Firstly, I am not a collectivist. Secondly, I don't dismiss history; I think it's very important and illuminating. Thirdly, Karl Marx, the arch-collectivist, hardly dismissed history; his entire theory was based on historical analysis. History is not a list of facts; what real historians do is largely interpretation. History is almost completely unlike maths. Expressions like "history tells us that ..." are rather stultifying; history tends to tell us what we want to hear.

Your comment seems to be a catalogue of free-marketeer articles of faith, expressed as bald assertions, as if only a fool could fail to see their obvious truth. Well, we've had free-marketeers in charge here for 15 years now; everyone knows that things have got worse.


Ah yes, who would want to trade the flourishing real estate utopia of, say, San Francisco for the collectivist hellscapes of New York (some rent stabilization and public housing), Vienna (>50% public housing, consistently scores top in overall quality of life globally), or Singapore (>70% public housing)?

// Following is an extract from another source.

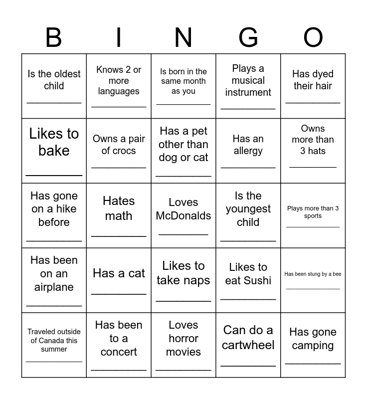 This bingo card has 28 words: Has been stung by a bee ___________________, Has broken a bone _________, Has an allergy __________, Can do a cartwheel ________, Likes to bake _______, Is born in the same month as you ____________, Knows 2 or more languages ___________, Has been on an airplane _________, Is the youngest child _________, Traveled outside of Canada this summer ______________, Has gone on a hike before _________, Plays a musical instrument __________, Has been to a concert _________, Loves horror movies _________, Owns more than 3 hats _________, Has been to Grouse Mountain _________, Has a cat ________, Owns a pair of crocs __________, Has a pet other than dog or cat _________, Likes to take naps ________, Is the oldest child __________, Has gone camping _________, Loves McDonalds ________, Hates math ________, Plays more than 3 sports _______________, Likes to eat Sushi _________, Has dyed their hair __________ and Has been on a rollercoaster ___________.

Free markets are great, until they start incentivizing weird behaviors (NIMBYism, bubbles) instead of investments (construction, renovations) and efficient allocation.

Successful cities have walked the balance successfully and stepped in (only) when necessary.


This argument mistakenly credits collectivist policies for successes but ignoring the profound negative impacts of state overreach in places like San Francisco. This isn’t about choosing between so-called utopias and hellscapes but recognizing the failure of excessive regulation that stifles supply and inflates costs. Vienna and Singapore are outliers that succeed due to unique governance, cultural attitudes towards public housing, and centralized planning that meticulously balances supply and demand—conditions that are not easily replicated elsewhere. The real issue is state intervention distorting market incentives, leading to inefficiencies like NIMBYism and housing bubbles. A truly efficient housing market thrives under free market principles, minimally but effectively regulated to encourage development and affordability. Mentioning New York as a paragon of housing policy overlooks its glaring issues with affordability and efficiency—hardly a model of success. In comparison, cities like Chicago, with a different regulatory approach, demonstrate that a more balanced policy framework can indeed foster better housing outcomes. New York’s situation, far from an example to follow, actually underscores the pitfalls of overregulation and the necessity of rethinking housing strategies.


I agree in that the right amount of regulation probably heavily varies between places and over time, but I'd just like to challenge the idea that anything other than complete liberalization of housing investments will inevitably lead to inefficiencies.

> Vienna and Singapore are outliers [...]

A model that has to explain away two historically, culturally, and geographically distinct cities as outliers is not very compelling to me.

Again, I'm not proposing that more regulation is always good, but as soon as e.g. long-term residents are massively getting priced out by outside investors or homeowners start opposing new construction exclusively because of the impact on their property value due to an increase in supply (rather than for actual decreased quality of life), the incentives of the free market start drifting apart from those of the people actually living there.


How about an ultimatum? Either people can only own one house without huge tax consequences, OR we open up restrictions on building so we can build a lot more housing stock than we currently do.